Only the pictures are to be left out; the listing itself is repeated exactly.

== COLLECTED DATA ==

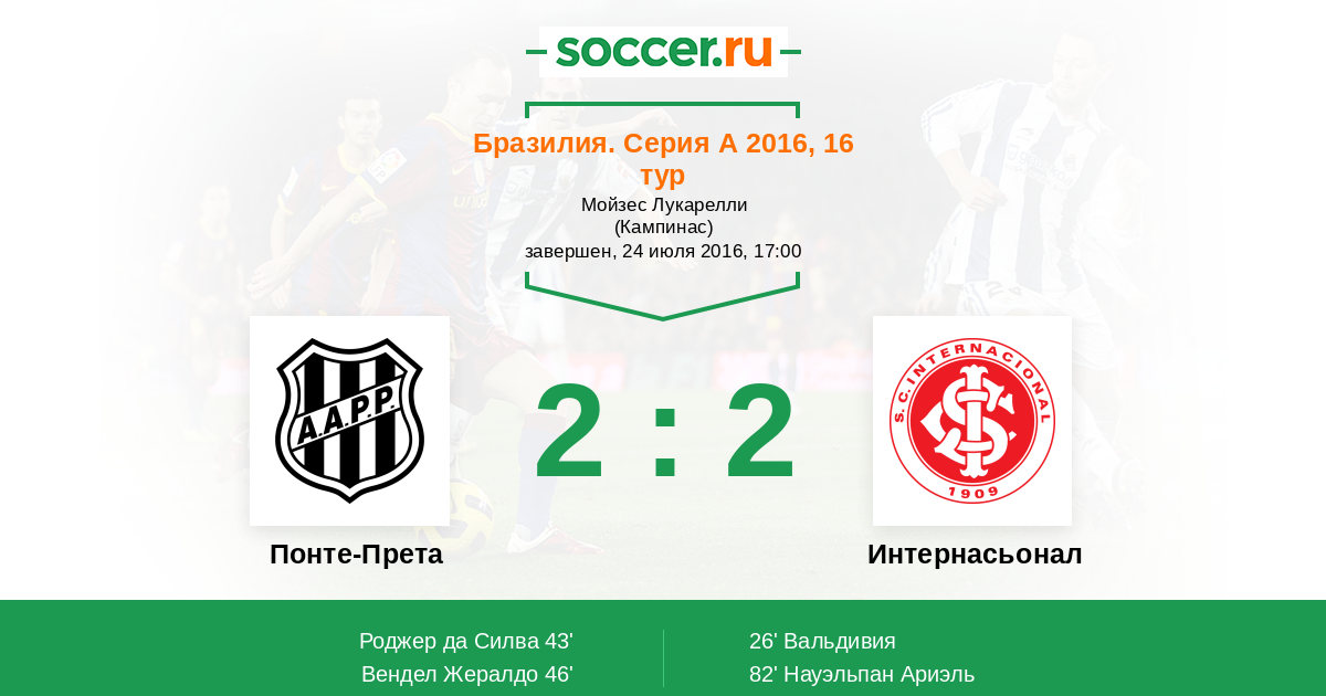 Понте-Прета - Интернасьонал: обзор матча 24 июля 2016
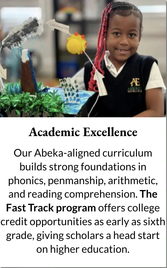 At Absolute Excellence Preparatory Academy, we are more than just a private Christian school—we are a nurturing, faith-centered academy committed to empowering scholars to achieve academic success, build moral character, and lead with compassion.
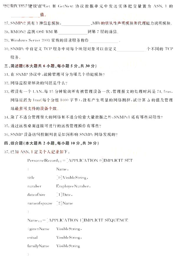 全国2014年10月自学考试《计算机网络管理》真题(清晰word版)(四)

===

EXERCISE RESPONSE
 Понте-Прета - Интернасьонал: обзор матча 24 июля 2016
 At Absolute Excellence Preparatory Academy, we are more than just a private Christian school—we are a nurturing, faith-centered academy committed to empowering scholars to achieve academic success, build moral character, and lead with compassion.
 全国2014年10月自学考试《计算机网络管理》真题(清晰word版)(四)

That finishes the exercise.